Role of the c/ebp proteins in hepatic and vascular-smooth-muscle
transcription of the human nhe-1 gene.
Kolyada, Alexey Y., Conrado A. Johns, and Nicolaos E. Madias.
Department of Medicine, Tufts University School of Medicine, and
Division of Nephrology, New England Medical Center, Boston,
Massachusetts 02111
APStracts 2:0220C, 1995.
We have recently shown that regulatory element D (nucleotides -239 to
-215) of the 0.25-kb promoter of the human growth factor-activatable
Na+/H+ exchanger (NHE-1) is important for gene transcription in cells
of hepatic origin (HepG2) and vascular-smooth-muscle origin (VSM
A7r5). This element contains a sequence (nucleotides -230 to -222)

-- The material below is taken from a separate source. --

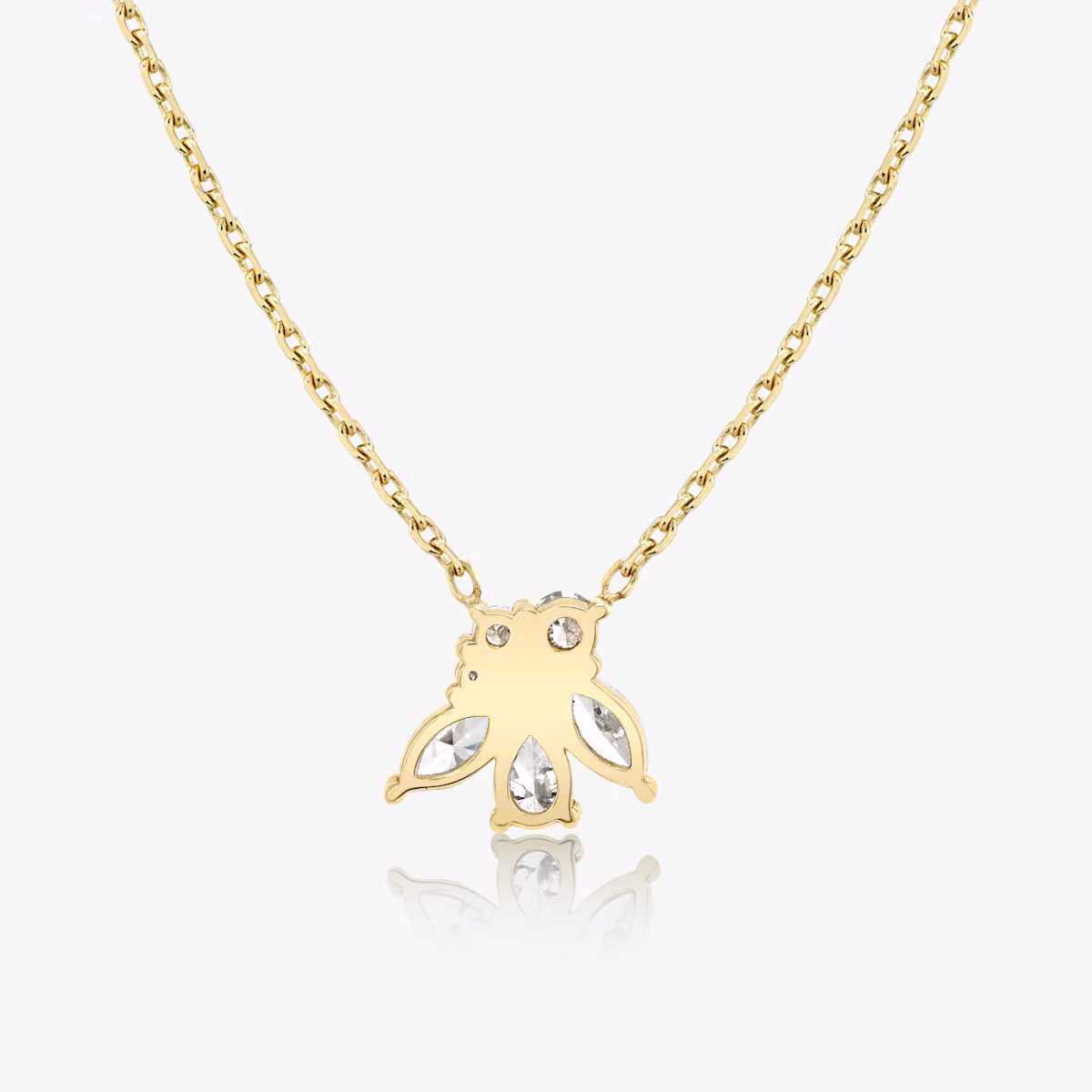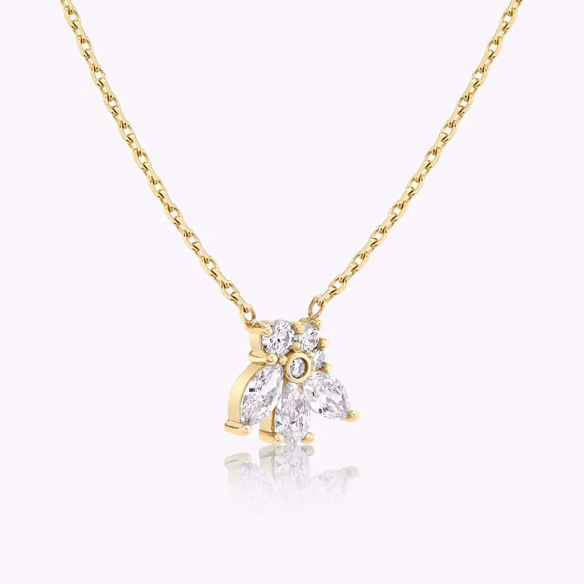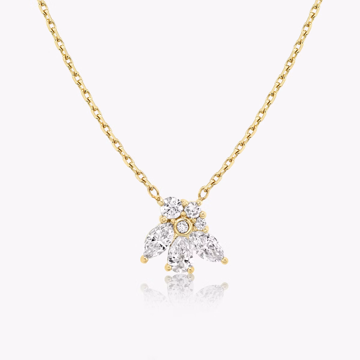 Seven VRAI created diamonds in three distinct shapes form an abstract bloom designed to be cherished year after year. The Perennial Necklace inventive 14k solid yellow gold setting with matching chain holds each diamond petal securely in place.

with complete homology to the C/EBP binding site. We now demonstrate
that nucleotide substitution mutations disrupting this C/EBP site
suppressed transcription in HepG2 cells, VSM A7r5 cells, and Sprague
-Dawley VSM cells in primary culture. These mutations abolished the
binding of rat liver nuclear activities as well as transcription
factors C/EBP[alpha], C/EBP[beta], and C/EBP[delta] expressed in COS
-1 cell lysates to element D. Anti-C/EBP antibodies supershifted
DNA/protein complexes formed between hepatic nuclear activities or
C/EBP proteins expressed in COS-1 cell lysates and regulatory element
D. Finally, co-transfection experiments of NHE-1 0.25-kb promoter/CAT
construct and C/EBP expression vectors showed that C/EBP[alpha] and
C/EBP[delta] are transactivators of the NHE-1 proximal promoter in
HepG2 and VSM A7r5 cells. These results indicate that members of the
C/EBP family of transcription factors are involved in the regulation
of hepatic and vascular-smooth-muscle transcription of the human NHE
-1 gene.
Received 21 December 1994; accepted in final form 26 May 1995.
APS Manuscript Number C730-4.
Article publication pending Am. J. Physiol. (Cell Physiology).
ISSN 1080-4757 Copyright 1995 The American Physiological Society.
Published in APStracts on 8 June 1995.